## Data shown
☆ ☆ ☆ ☆
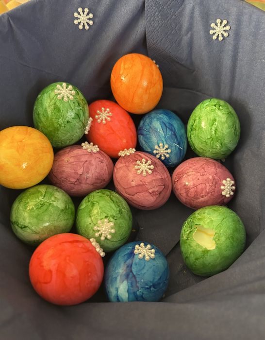 Am letzten Schultag vor den Weihnachtsferien fand in der Grundschule Osterfeld ein Projekttag statt. In allen Klassen wurde gebastelt, gesungen und gegessen. Die Eltern stellten für jede Klasse ein Buffet zusammen. Es gab Schnittchen in Form von Tannenbäumen, bunte Eier mit Schneeflocken, leckere Spießchen aus Trauben, Würstchen und Käse und Waffeln. Die Kinder konnten jederzeit naschen und sich für die kniffeligen Bastelaufgaben stärken.
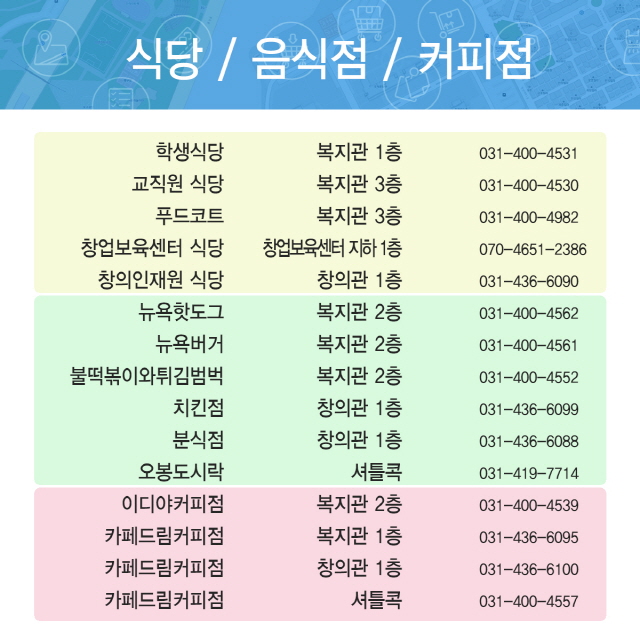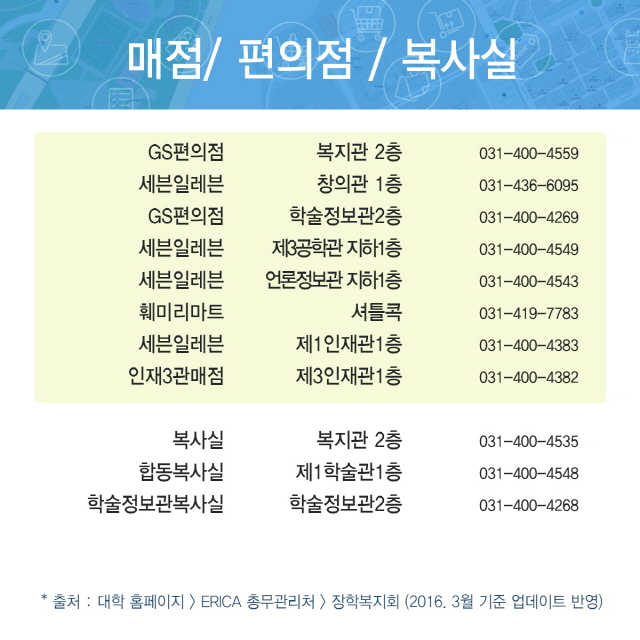 ERICA캠퍼스 장학복지회에서 관리하는 매장 리스트
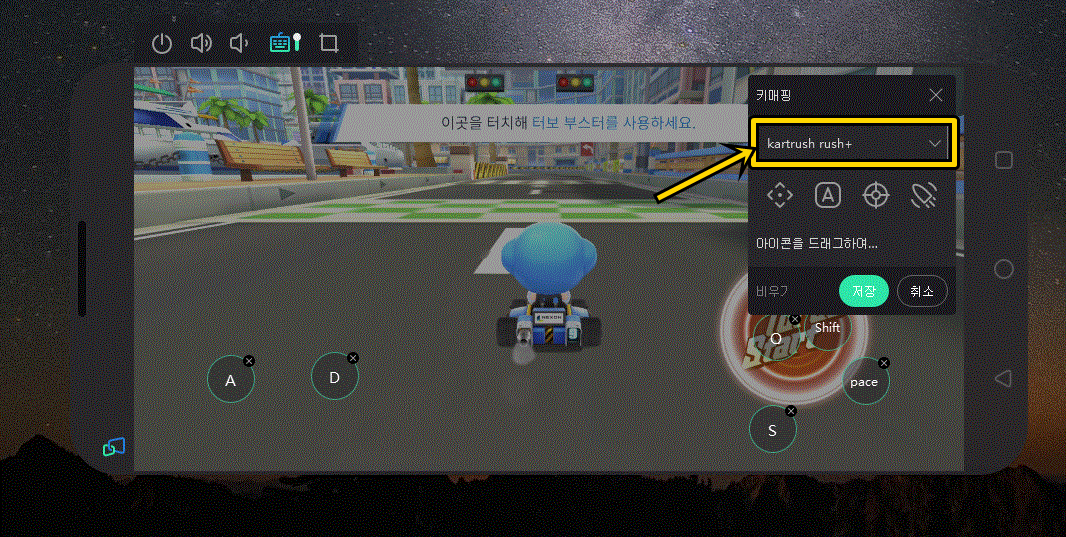 ▲ 키매핑 설정을 카트라이더 러쉬플러스로 바꿔주면 해당 게임에 최적화 된 가상키가 생성됩니다. 마우스 드래그로 가상키를 원하는 자리로 이동시킬 수도 있고, 삭제 및 변경을 할 수도 있습니다.
☆ ☆ ☆ ☆
## Problem requirements
Transcribe the whole listing exactly. Pictures stay out of your copy.

## Finished task
 Am letzten Schultag vor den Weihnachtsferien fand in der Grundschule Osterfeld ein Projekttag statt. In allen Klassen wurde gebastelt, gesungen und gegessen. Die Eltern stellten für jede Klasse ein Buffet zusammen. Es gab Schnittchen in Form von Tannenbäumen, bunte Eier mit Schneeflocken, leckere Spießchen aus Trauben, Würstchen und Käse und Waffeln. Die Kinder konnten jederzeit naschen und sich für die kniffeligen Bastelaufgaben stärken.
 ERICA캠퍼스 장학복지회에서 관리하는 매장 리스트
 ▲ 키매핑 설정을 카트라이더 러쉬플러스로 바꿔주면 해당 게임에 최적화 된 가상키가 생성됩니다. 마우스 드래그로 가상키를 원하는 자리로 이동시킬 수도 있고, 삭제 및 변경을 할 수도 있습니다.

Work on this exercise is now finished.